*Data records:*
────────────────

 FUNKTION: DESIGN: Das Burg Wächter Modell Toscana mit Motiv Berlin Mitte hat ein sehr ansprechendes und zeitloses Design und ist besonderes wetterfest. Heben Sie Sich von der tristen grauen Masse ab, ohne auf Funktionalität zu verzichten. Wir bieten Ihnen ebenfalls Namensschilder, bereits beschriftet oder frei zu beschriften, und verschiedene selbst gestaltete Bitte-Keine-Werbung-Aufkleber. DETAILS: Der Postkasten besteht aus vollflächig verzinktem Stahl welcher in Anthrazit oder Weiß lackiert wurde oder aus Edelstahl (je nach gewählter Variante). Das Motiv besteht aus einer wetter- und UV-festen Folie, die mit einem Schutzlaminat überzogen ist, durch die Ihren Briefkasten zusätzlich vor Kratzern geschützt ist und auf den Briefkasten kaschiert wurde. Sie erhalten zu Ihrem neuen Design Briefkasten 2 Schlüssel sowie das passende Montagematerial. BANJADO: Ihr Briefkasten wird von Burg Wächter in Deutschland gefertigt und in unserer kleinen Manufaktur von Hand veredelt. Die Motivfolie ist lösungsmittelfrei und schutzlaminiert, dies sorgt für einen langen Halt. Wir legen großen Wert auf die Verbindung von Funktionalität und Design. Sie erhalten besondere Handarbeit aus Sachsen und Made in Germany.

────────────────

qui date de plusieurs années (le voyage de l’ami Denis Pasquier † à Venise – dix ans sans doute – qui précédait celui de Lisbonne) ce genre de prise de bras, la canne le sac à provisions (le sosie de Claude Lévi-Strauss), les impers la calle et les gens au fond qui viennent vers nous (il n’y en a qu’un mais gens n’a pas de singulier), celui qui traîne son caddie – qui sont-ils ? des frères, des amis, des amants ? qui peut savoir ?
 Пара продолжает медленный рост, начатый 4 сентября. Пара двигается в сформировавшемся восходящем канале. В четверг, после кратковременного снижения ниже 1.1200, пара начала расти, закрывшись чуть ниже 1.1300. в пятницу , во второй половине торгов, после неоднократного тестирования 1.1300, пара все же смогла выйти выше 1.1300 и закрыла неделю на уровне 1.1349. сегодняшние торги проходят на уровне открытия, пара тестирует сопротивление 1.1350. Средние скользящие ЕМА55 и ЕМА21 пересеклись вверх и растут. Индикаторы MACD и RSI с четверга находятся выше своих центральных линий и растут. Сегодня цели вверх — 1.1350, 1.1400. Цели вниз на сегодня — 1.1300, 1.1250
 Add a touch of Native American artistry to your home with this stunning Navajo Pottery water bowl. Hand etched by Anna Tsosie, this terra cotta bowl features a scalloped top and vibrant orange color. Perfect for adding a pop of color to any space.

────────────────

*What you are asked to do:* All lines in the entries above that hold the word "Hand" need to be copied.

*Exercise output:*
 FUNKTION: DESIGN: Das Burg Wächter Modell Toscana mit Motiv Berlin Mitte hat ein sehr ansprechendes und zeitloses Design und ist besonderes wetterfest. Heben Sie Sich von der tristen grauen Masse ab, ohne auf Funktionalität zu verzichten. Wir bieten Ihnen ebenfalls Namensschilder, bereits beschriftet oder frei zu beschriften, und verschiedene selbst gestaltete Bitte-Keine-Werbung-Aufkleber. DETAILS: Der Postkasten besteht aus vollflächig verzinktem Stahl welcher in Anthrazit oder Weiß lackiert wurde oder aus Edelstahl (je nach gewählter Variante). Das Motiv besteht aus einer wetter- und UV-festen Folie, die mit einem Schutzlaminat überzogen ist, durch die Ihren Briefkasten zusätzlich vor Kratzern geschützt ist und auf den Briefkasten kaschiert wurde. Sie erhalten zu Ihrem neuen Design Briefkasten 2 Schlüssel sowie das passende Montagematerial. BANJADO: Ihr Briefkasten wird von Burg Wächter in Deutschland gefertigt und in unserer kleinen Manufaktur von Hand veredelt. Die Motivfolie ist lösungsmittelfrei und schutzlaminiert, dies sorgt für einen langen Halt. Wir legen großen Wert auf die Verbindung von Funktionalität und Design. Sie erhalten besondere Handarbeit aus Sachsen und Made in Germany.
 Add a touch of Native American artistry to your home with this stunning Navajo Pottery water bowl. Hand etched by Anna Tsosie, this terra cotta bowl features a scalloped top and vibrant orange color. Perfect for adding a pop of color to any space.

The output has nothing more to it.